Every line from the first record below down to the line that includes "2019年7月8日拍摄的位于" must be reproduced exactly; the pictures are not.

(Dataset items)
——————————

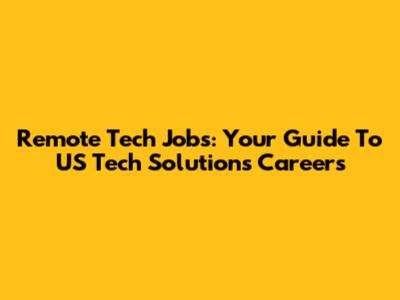 Remote Tech Jobs: Your Guide To US Tech Solutions Careers
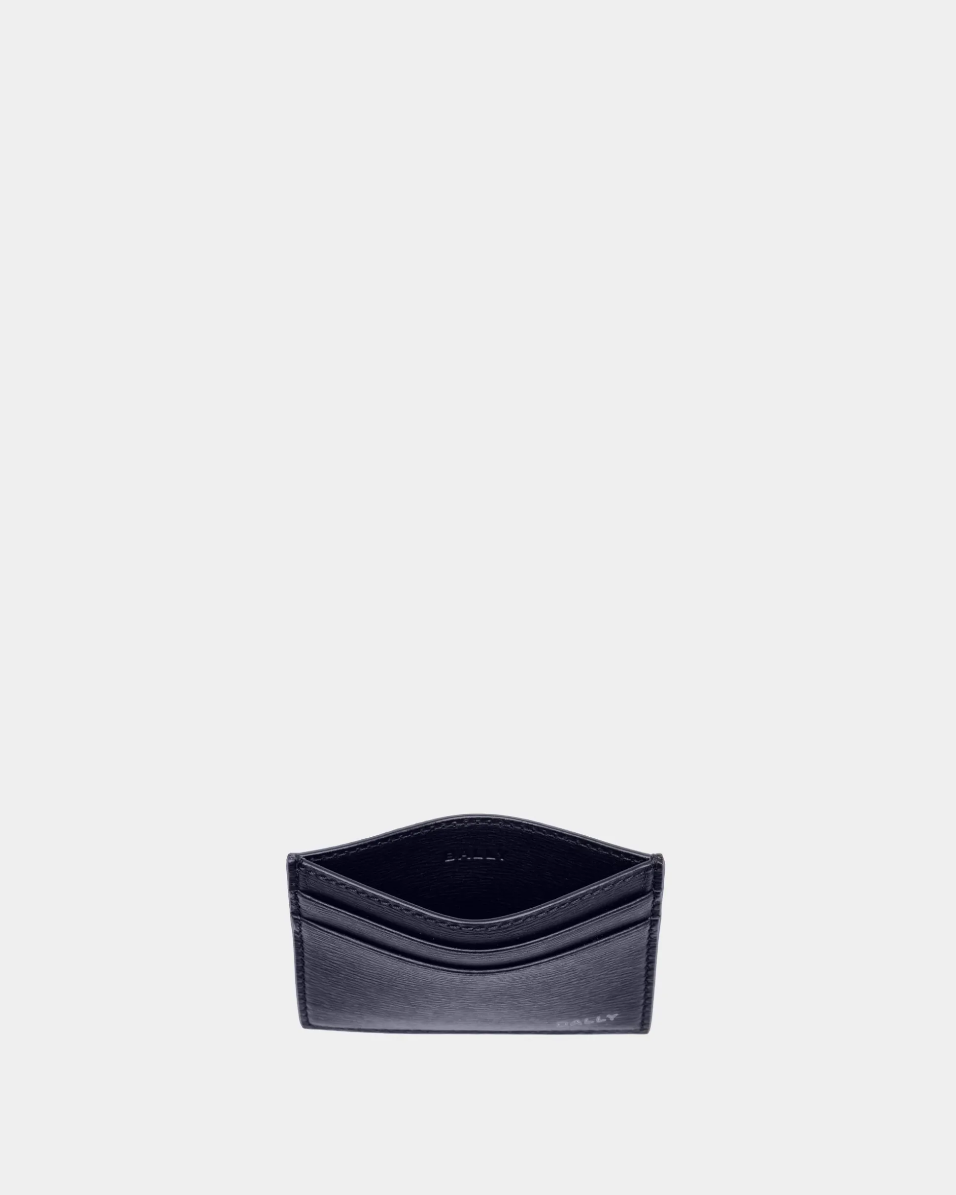 This Crossing card holder in midnight leather is embellished by textural embossing and trimmed by a silver foil Bally logo on one side.
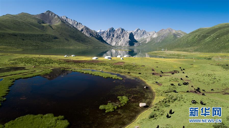 2019年7月8日拍摄的位于三江源地区的青海省果洛藏族自治州久治县境内的年保玉则风光(无人机照片)。6月2日,青海省生态环境厅发布《2019年青海省生态环境状况公报》称,青海省三江源地区境内的长江、黄河、澜沧江干流流域水质优良,植被覆盖度呈增长趋势,全省生态环境状况总体保持稳定。新华社记者吴刚摄。
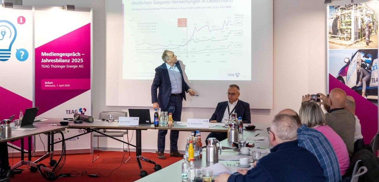 Auswirkungen der Schließung der Straße von Hormus im Rahmen des Iran-Konflikts führten zu einer erheblichen Verknappung global verfügbarer Erdgasmengen. In der Folge stiegen die Beschaffungspreise um bis zu achtzig Prozent an, wenngleich die Intensität der Preisrallye nicht an das Rekordniveau des Jahres 2022 heranreicht. Die TEAG beobachtet diese Marktveränderungen kontinuierlich, setzt auf einen breit diversifizierten Gaszukauf und profitiert zugleich von einem erhöhten Anteil erneuerbarer Stromproduktion und stärkt damit die Versorgungssicherheit.
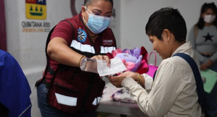 Como ha sido instrucción de la alcaldesa, desde el inicio de la jornada, personal de la Dirección General de Desarrollo Social acudió muy temprano a la Primaria “Andrés Quintana Roo” para brindar información y entregar cubrebocas y gel antibacterial, con la finalidad de reforzar el protocolo y las medidas sanitarias para prevenir contagios.
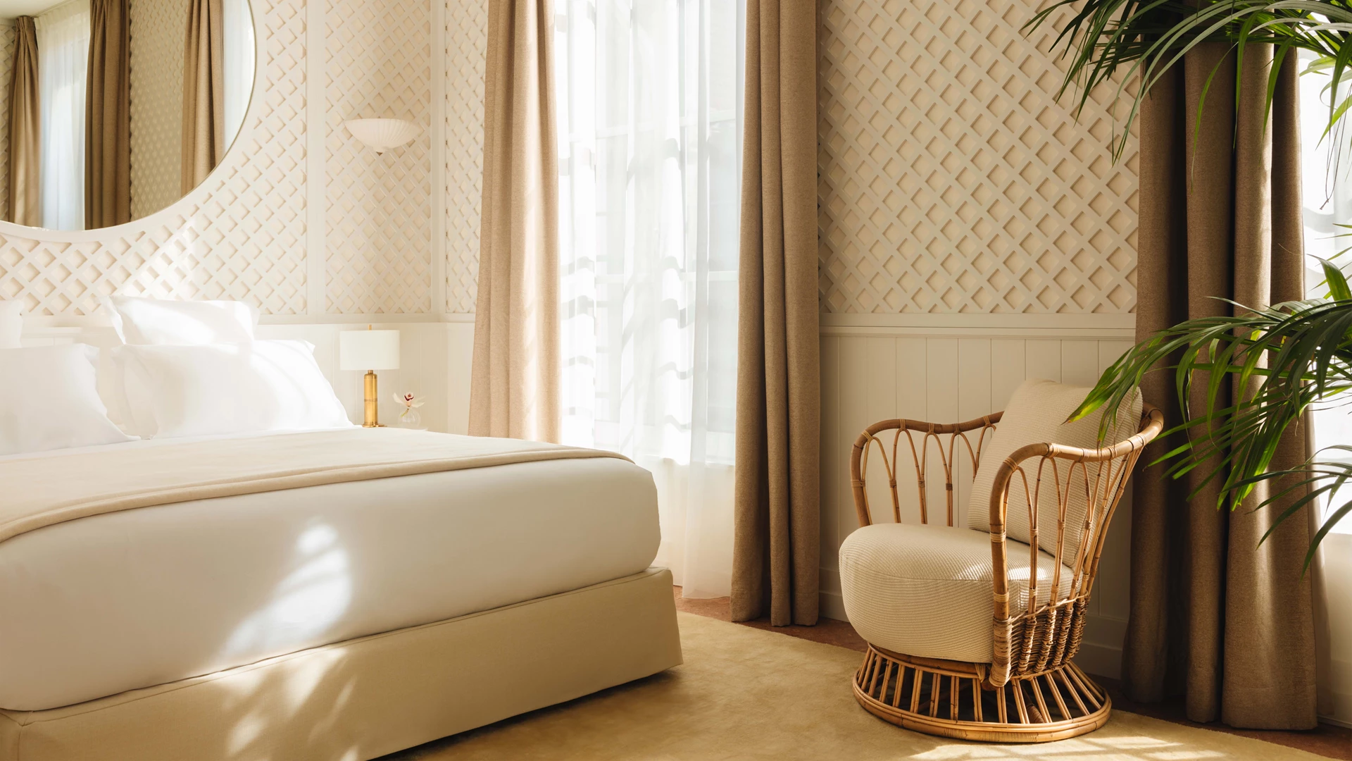 An elegant, organic and harmonious compendium of curves, the Grace Chair by Tove Kindt-Larsen leads the contemporary revival of the sustainable and natural rattan material. Inspired by the soft curves of pebbles and driftwood she would collect from the beaches of northern Denmark, architect and designer Kindt-Larsen’s envisioned a graceful refinement of the informal rattan lounge chair. With its sweeping, gentle curves and intricate loops of flexible rattan, it supports a generous, upholstered seat and envelopes a plump, loose back cushion. Together they bring a comfort, tactility and and lightness that brings the outdoors inside, while the characteristics of the rattan frame give it a natural robustness and longevity. The timeless beauty of Tove Kindt-Larsen’s 1936 design and the sustainability of the rattan material make the Grace Chair a highly versatile and popular addition to the GUBI collection. With a choice of upholstery options available, it can add light and texture to a home and an informal yet elegant welcome to hotel or business interiors.
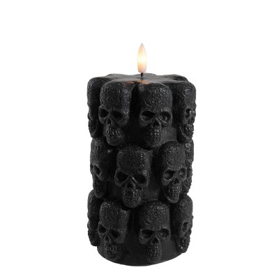LumiPur 3.5"x6" Signature Natural Glow Halloween Flameless LED Wax Skulls Pillar Candle Black
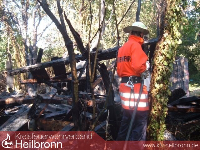 Das Feuer wurde daraufhin zunächst von zwei Seiten mit dem Schnellangriffsschlauch sowie einem C-Rohr eingedämmt, wobei ein Trupp unter Atemschutz vorging. Auf Grund des Ausmaßes des Brandes war die Stabilität der Hütte nicht mehr gewährleistet, so dass nach dem groben Ablöschen die Außenverkleidungen entfernt und vollends abgelöscht wurden. Danach brachte ein Trupp die Hütte kontrolliert zum Einsturz. Nach Beendigung der sich hinziehenden Nachlöscharbeiten konnte die Feuerwehr dann um 17:23 Uhr wieder Abrücken.

——————————

Task result:
 Remote Tech Jobs: Your Guide To US Tech Solutions Careers
 This Crossing card holder in midnight leather is embellished by textural embossing and trimmed by a silver foil Bally logo on one side.
 2019年7月8日拍摄的位于三江源地区的青海省果洛藏族自治州久治县境内的年保玉则风光(无人机照片)。6月2日,青海省生态环境厅发布《2019年青海省生态环境状况公报》称,青海省三江源地区境内的长江、黄河、澜沧江干流流域水质优良,植被覆盖度呈增长趋势,全省生态环境状况总体保持稳定。新华社记者吴刚摄。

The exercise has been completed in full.